In a couple of hours I will be dropping off my wife at the county jail for a 24-hour visit. Our travails with the state began a little over a year ago when a routine traffic stop devolved into an opportunity for a smug motorcycle cop to try out his new training in detecting chemical intoxication. When I say chemical, I mean legally prescribed pharmaceuticals. My wife, not being a very good driver to begin with, and suffering from nearly crippling anxiety disorder, had a panic attack on the roadside and failed the roadside sobriety test.

After wasting a couple of thousand dollars on a lawyer, we were forced by empty pockets to abandon our fight and submit to the mandatory sentencing that our legislative overlords prescribed. This includes not only the obligatory suspension of one’s license, but thousands of dollars of punitive fines and this ridiculous junket to the now world famous “Tent City”.

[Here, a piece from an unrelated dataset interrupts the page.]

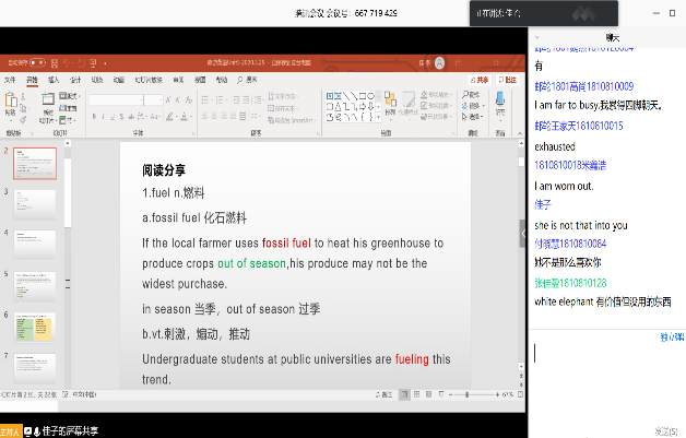 课堂阅读分享、视频学习和学生讨论互动截图

Unless you are fortunate enough to live in one of the few dense urban centers of this country that have adequate public transportation, raising a family and functioning in this society is nigh to impossible without the use of 4,000 lb. hunks of metal and plastic hurtling down our millions of square miles of asphalted landscape. What to do for those who find the task of driving to be a challenge? Boo hoo for us.

Yes justice is blind. And a middle-aged housewife, school teacher and mother of two small children is as equally culpable in the eyes of the law for taking her prescriptions and driving a couple of miles to the grocery store as the inebriate at the local tavern who has gulped down a few too many and is driving with one eye closed.

It’s a one-size-fits-all approach that becomes laughable. In addition to the jail time and income redistribution, there are the mandatory alcoholism classes and the absurd requirement that we pay another few hundred dollars for an interlock device on the car to detect what? Xanax?

Meanwhile my kid brother, who actually is an alcoholic, is dying from his disease on the streets of the city. And how does he manage to get his booze? Shoplifting. He literally steals multiple quarts of liquor a day. The same state that has made drinking outside of ones home virtually illegal (without a chauffeur) makes liquor available in the checkout aisle of every Piggly Wiggly type grocery outlet in town.